— Assignment —
Omit all pictures and transcribe only the lines in the entries below that run from the line with "Unique Dinosaur Egg" through the line with "profile of Napoleon".

— Records supplied —
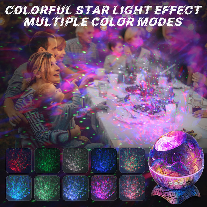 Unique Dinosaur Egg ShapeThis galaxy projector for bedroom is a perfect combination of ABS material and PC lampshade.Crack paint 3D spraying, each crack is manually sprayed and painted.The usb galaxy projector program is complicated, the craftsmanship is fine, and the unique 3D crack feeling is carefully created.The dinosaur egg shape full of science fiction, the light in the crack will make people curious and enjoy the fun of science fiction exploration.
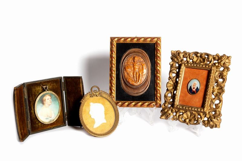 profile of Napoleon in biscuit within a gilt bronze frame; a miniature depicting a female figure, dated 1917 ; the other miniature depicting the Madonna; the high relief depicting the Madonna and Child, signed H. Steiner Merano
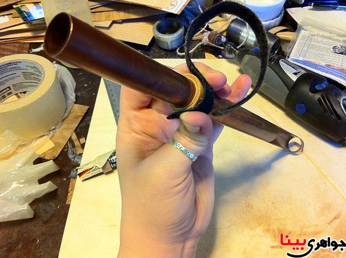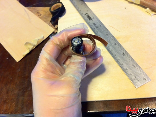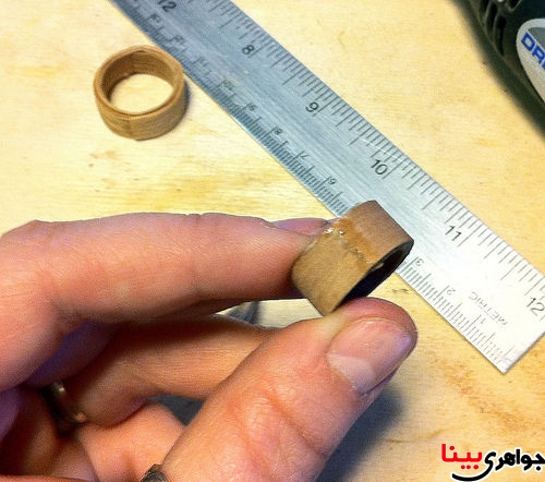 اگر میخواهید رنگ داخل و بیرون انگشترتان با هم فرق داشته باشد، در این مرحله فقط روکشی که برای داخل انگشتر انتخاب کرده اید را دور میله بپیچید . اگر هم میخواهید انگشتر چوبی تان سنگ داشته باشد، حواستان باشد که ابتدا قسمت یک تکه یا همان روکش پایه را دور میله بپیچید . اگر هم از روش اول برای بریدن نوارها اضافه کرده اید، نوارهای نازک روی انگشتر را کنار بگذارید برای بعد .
...
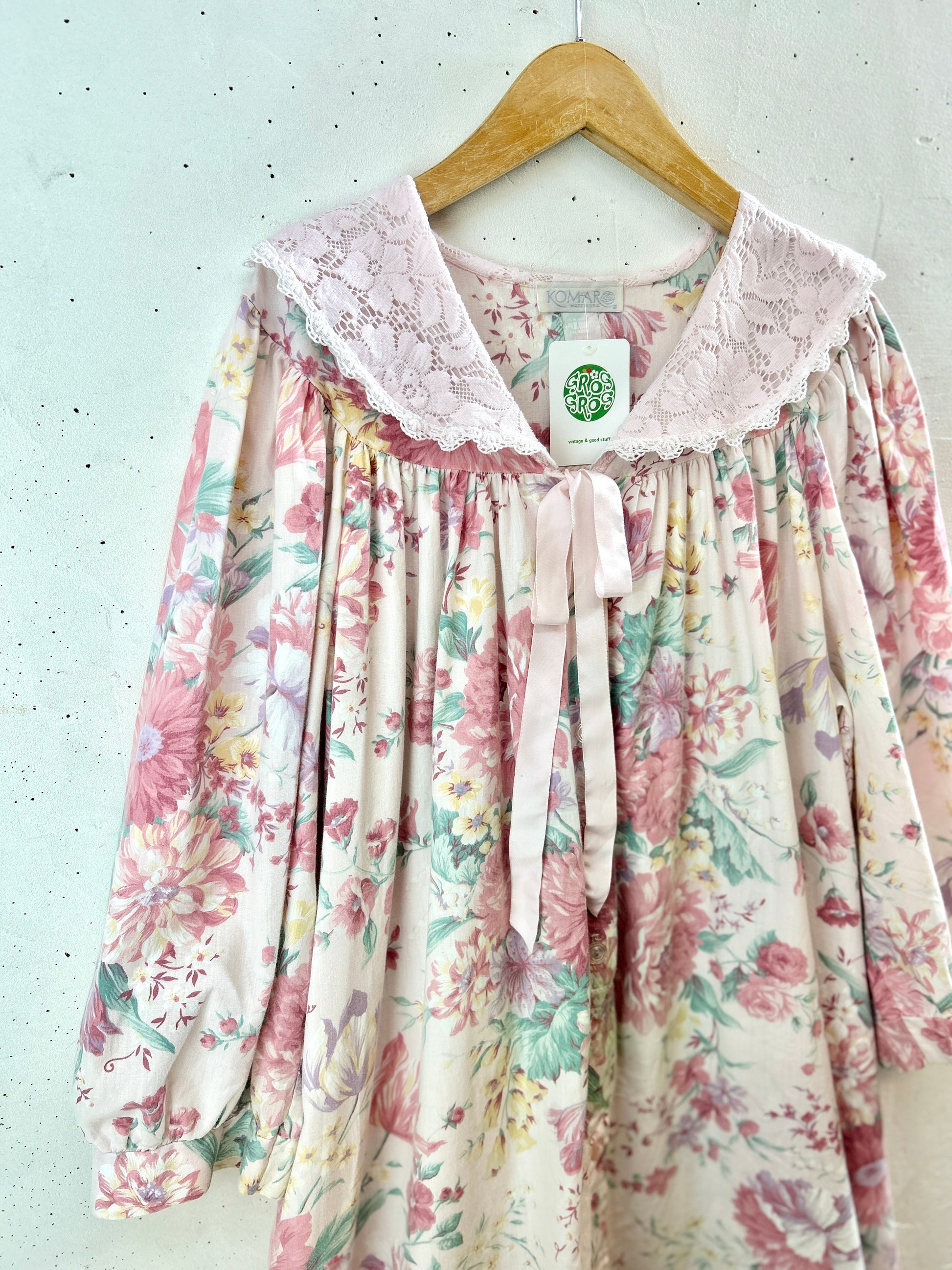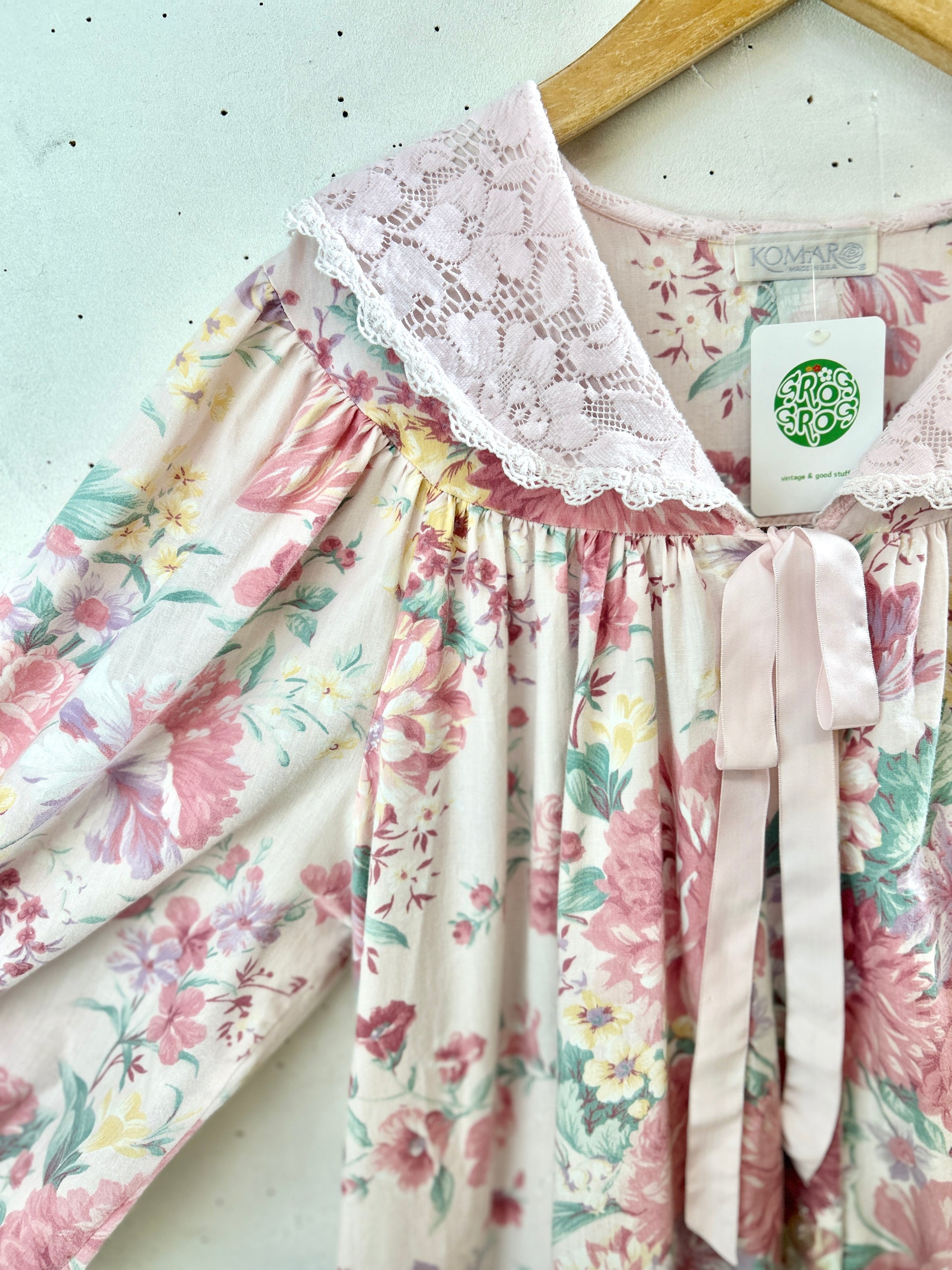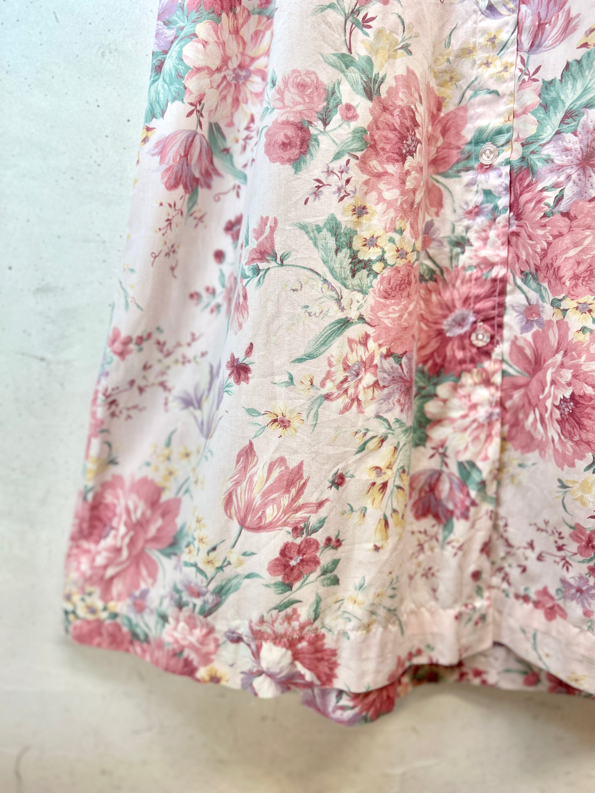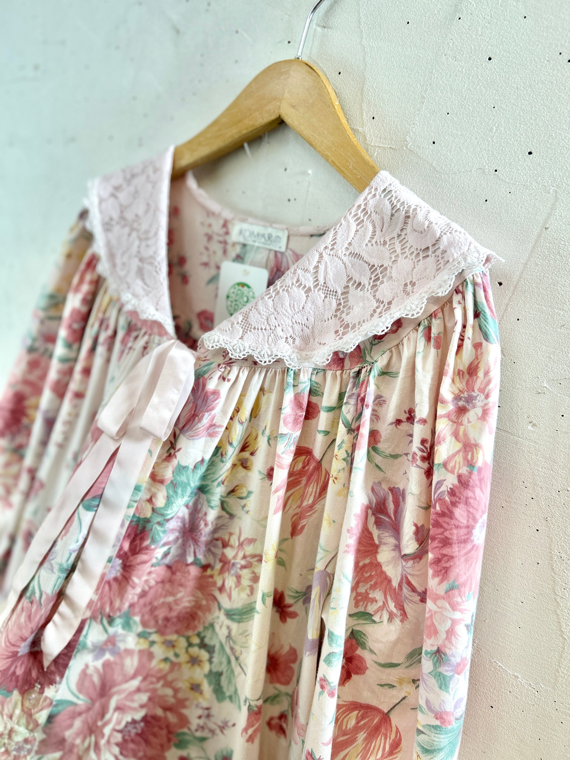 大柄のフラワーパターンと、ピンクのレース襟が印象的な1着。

— Task response —
 Unique Dinosaur Egg ShapeThis galaxy projector for bedroom is a perfect combination of ABS material and PC lampshade.Crack paint 3D spraying, each crack is manually sprayed and painted.The usb galaxy projector program is complicated, the craftsmanship is fine, and the unique 3D crack feeling is carefully created.The dinosaur egg shape full of science fiction, the light in the crack will make people curious and enjoy the fun of science fiction exploration.
 profile of Napoleon in biscuit within a gilt bronze frame; a miniature depicting a female figure, dated 1917 ; the other miniature depicting the Madonna; the high relief depicting the Madonna and Child, signed H. Steiner Merano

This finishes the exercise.